- TASK BRIEF: Exact copies of the lines below are the goal; any images in them are dropped.

- EXERCISE DATA:
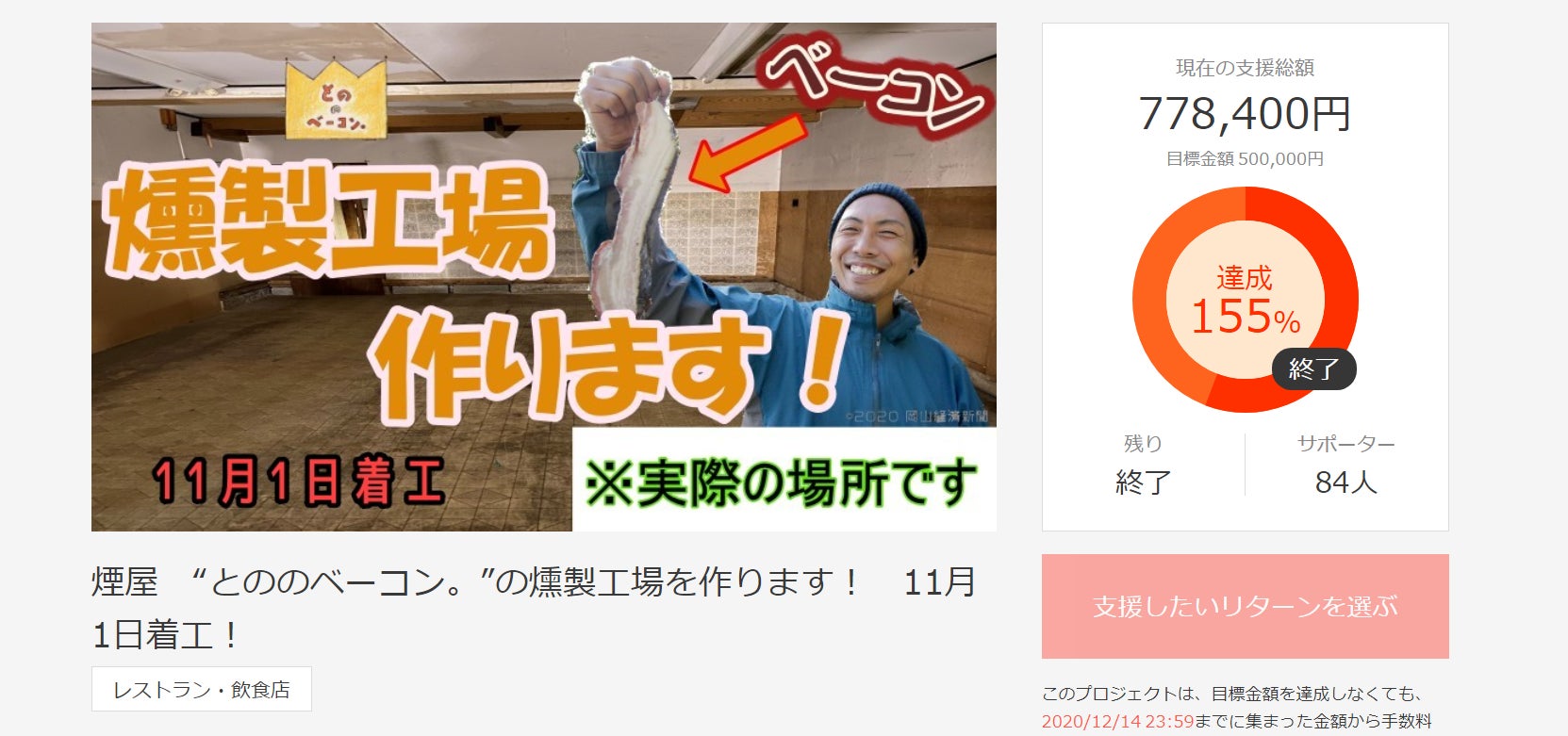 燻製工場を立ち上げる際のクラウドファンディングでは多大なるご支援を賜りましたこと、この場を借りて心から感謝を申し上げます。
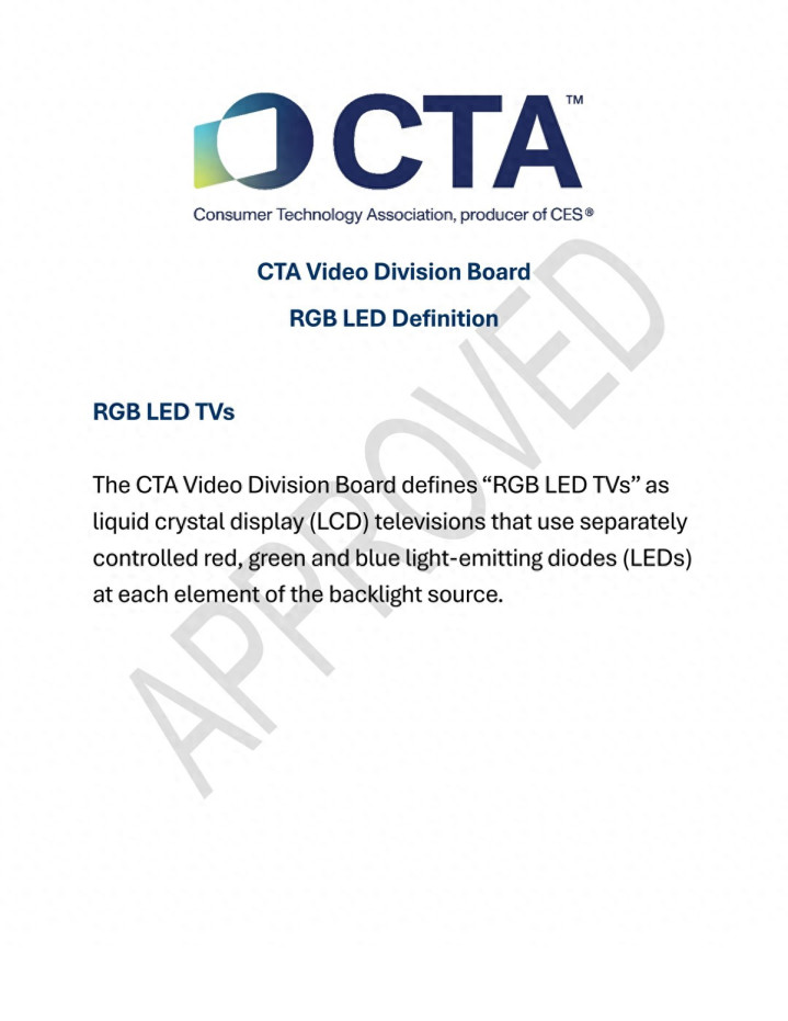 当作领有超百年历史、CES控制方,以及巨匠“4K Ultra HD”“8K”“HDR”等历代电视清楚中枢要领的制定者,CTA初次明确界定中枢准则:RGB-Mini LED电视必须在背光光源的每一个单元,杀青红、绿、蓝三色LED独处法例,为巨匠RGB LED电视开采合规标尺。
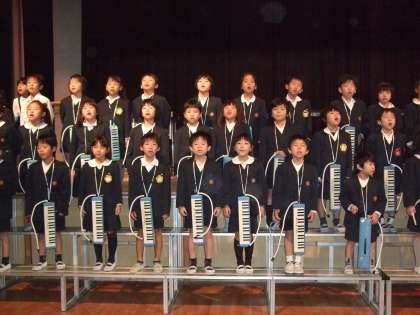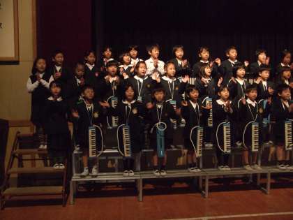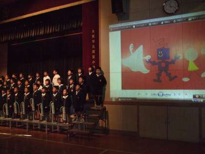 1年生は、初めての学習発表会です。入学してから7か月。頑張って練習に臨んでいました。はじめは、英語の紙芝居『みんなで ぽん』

- SOLVED EXERCISE:
 燻製工場を立ち上げる際のクラウドファンディングでは多大なるご支援を賜りましたこと、この場を借りて心から感謝を申し上げます。
 当作领有超百年历史、CES控制方,以及巨匠“4K Ultra HD”“8K”“HDR”等历代电视清楚中枢要领的制定者,CTA初次明确界定中枢准则:RGB-Mini LED电视必须在背光光源的每一个单元,杀青红、绿、蓝三色LED独处法例,为巨匠RGB LED电视开采合规标尺。
 1年生は、初めての学習発表会です。入学してから7か月。頑張って練習に臨んでいました。はじめは、英語の紙芝居『みんなで ぽん』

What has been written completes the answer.